Panteísmo canino

OPINIÓN

Perro de asistencia para personas con autismo
Perro de asistencia para personas con autismo

«Me mira, me acaricia, me ríe, qué encanto de animal, qué suerte tienes…»

Laconismos de este tipo y similares los encontramos en cada momento del día y en cada lugar  de «encuentro» en mi ciudad. Y, ¿de cualquier ciudad española o del mundo «civilizado» mundial?

Esta, precisamente, es mi pregunta que, además, no necesita respuesta, pues es tan obvia como evidente que no necesita de la tenue llama del candil a plena luz del sol.

Lo cierto es que este intercambio amoroso-sentimental-afectivo se cruza más entre las personas del débil sexo que entre los machos varones.

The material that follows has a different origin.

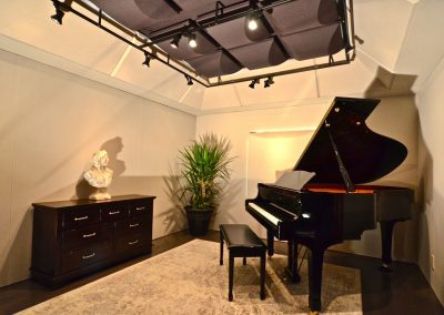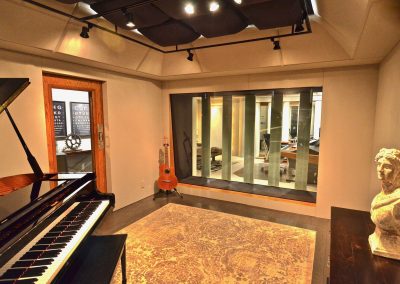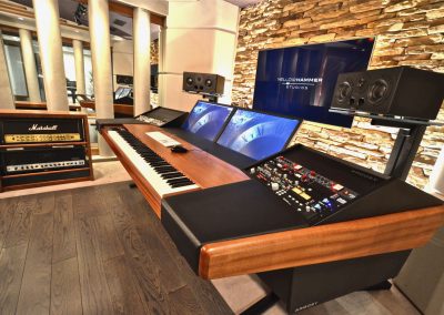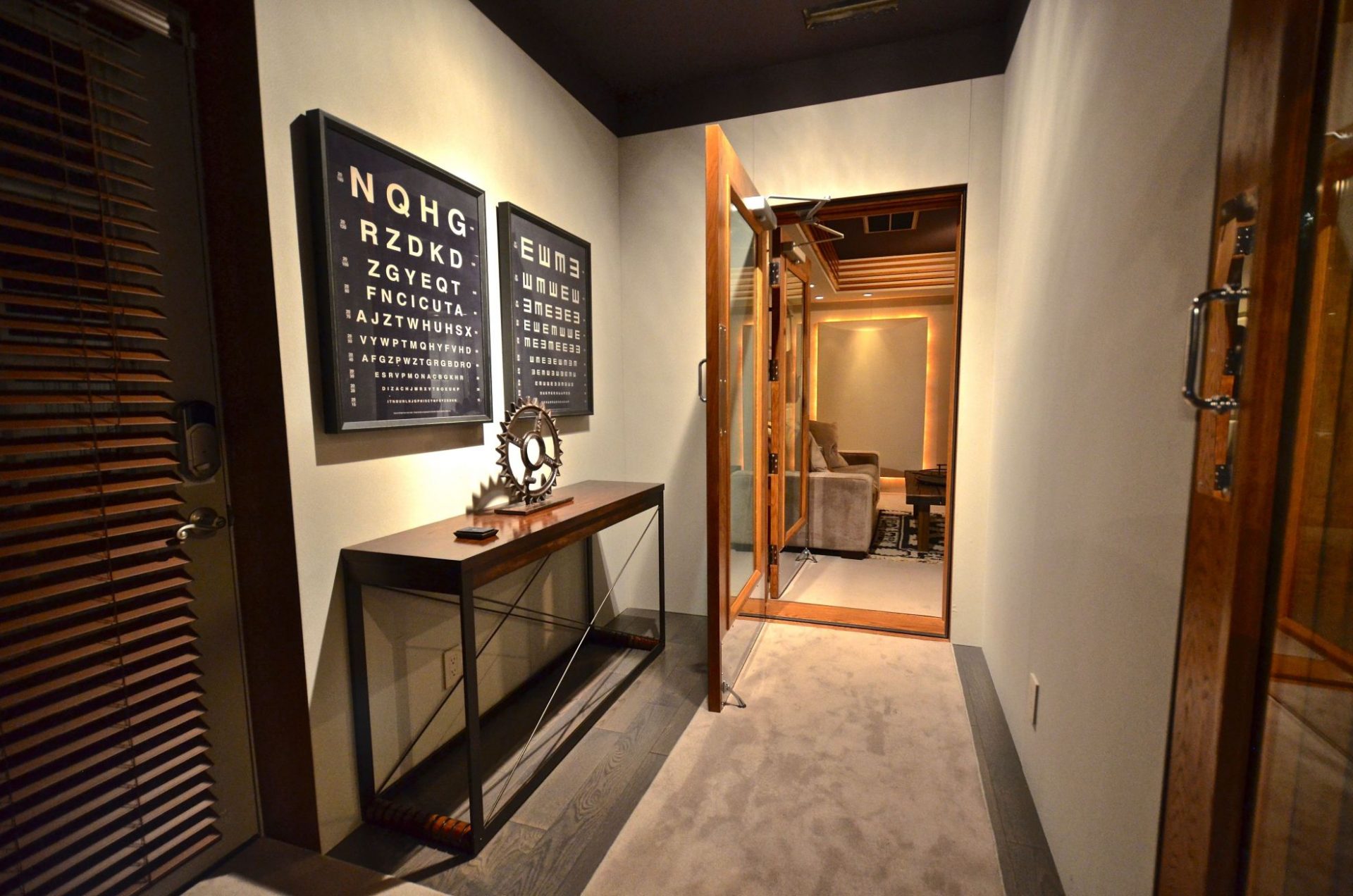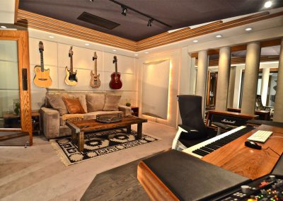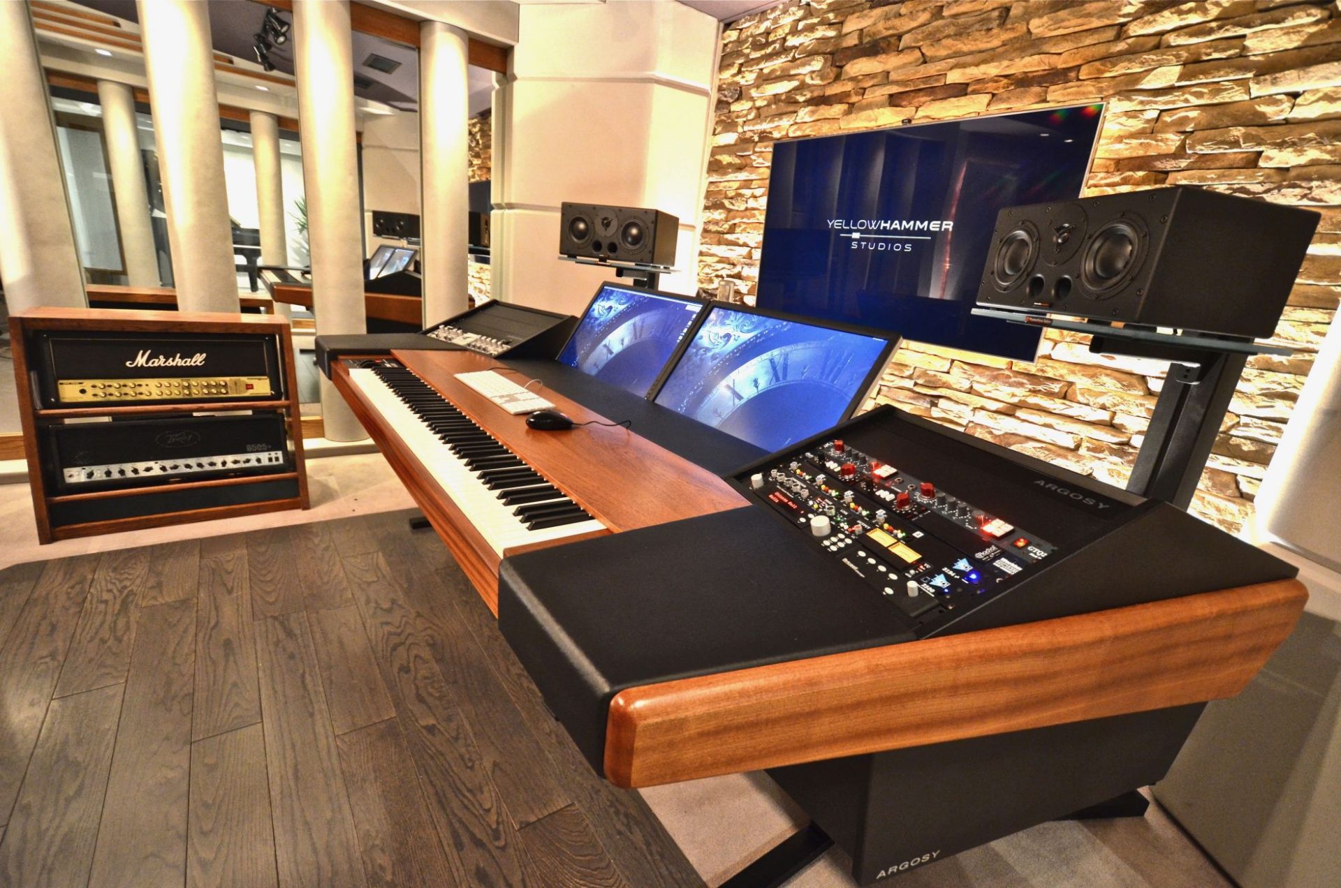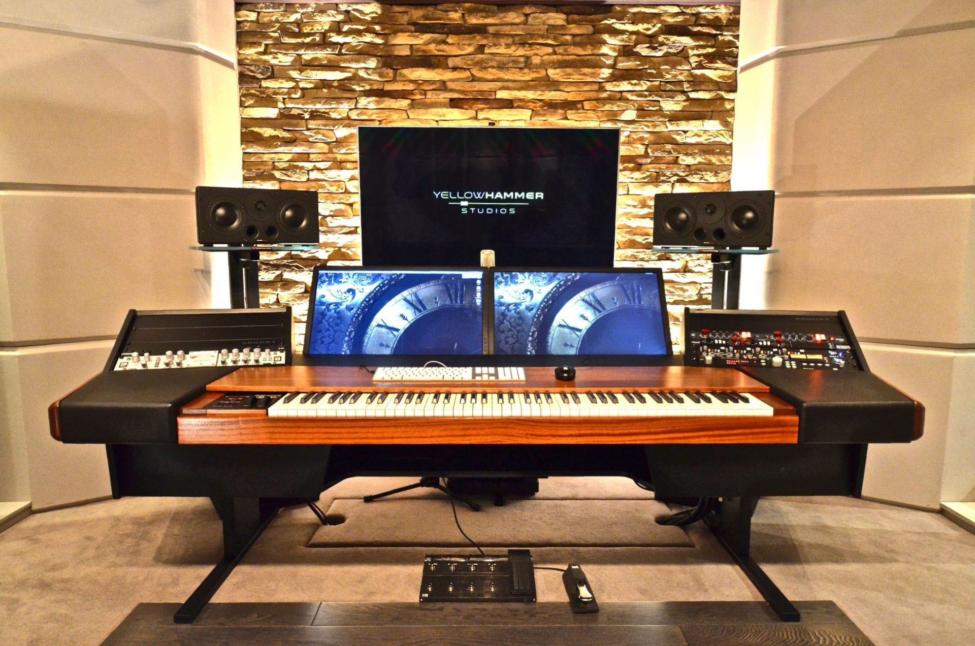 Yellow Hammer is a 630 sq. ft. full tilt custom Carl Tatz Design studio built from the ground up for film composer Justin Ray Miller on the property of his Nashville home. Opened February 2014, it encompasses a CTD MixRoom™, piano booth, restroom, computer closet and hall-of-shame foyer. It features the acclaimed PhantomFocus™ System™ (PFS™) driving a Dynaudio Professional M1 monitor/ Bryston 4B Pro SST2 amplification combo and a custom application of the Carl Tatz Design Signature Series™acoustic modules by Auralex. It also features a custom application of the new Carl Tatz Edition™ Dual 15-KL800 workstation by Argosy Console.

Esa es, hasta ahora, mi observación diaria y de calle. Pero. Pero, el panteísmo canino no tiene límites. Comprende todo el campo de acción desde el alba al ocaso del día. Desde la calle corriente y triste hasta el más lujoso salón del palacio «real». Tienen, los caninos, alimentos refinados en cualquier tienda o supermercado…

Ropas de punto, de lana, algodón o transparentes. Se hacen o les hacen la manicura  como a cualquier persona adulta. Disponen de médico, clínicas veterinarias. Masaje…Tal vez, haya una laguna «nauseabunda» en este panteísmo canino: la evasión de impuestos. Viven, sus dueños, en permanentes paraísos fiscales al no tributar por ellos a la Hacienda pública.

Y, además, aunque recojan sus «cacas», dejan que sus pis se peguen en árboles y esquinas y, no hay servicio municipal alguno ni diligencia oportuna de sus dueños para evitar dichos perfumes que se evaden de los inspectores de hacienda climatológicos: hielos, lluvias, nieves.

No todo, pues, es belleza y decoro en este mundo propiedad privada de este panteísmo canino.

Besos en labios, apretujones de senos, caricias que a los seres humanos niegan… esta es la ley del embudo del panteísmo canino que a mí no me ofende; pero que da «asco».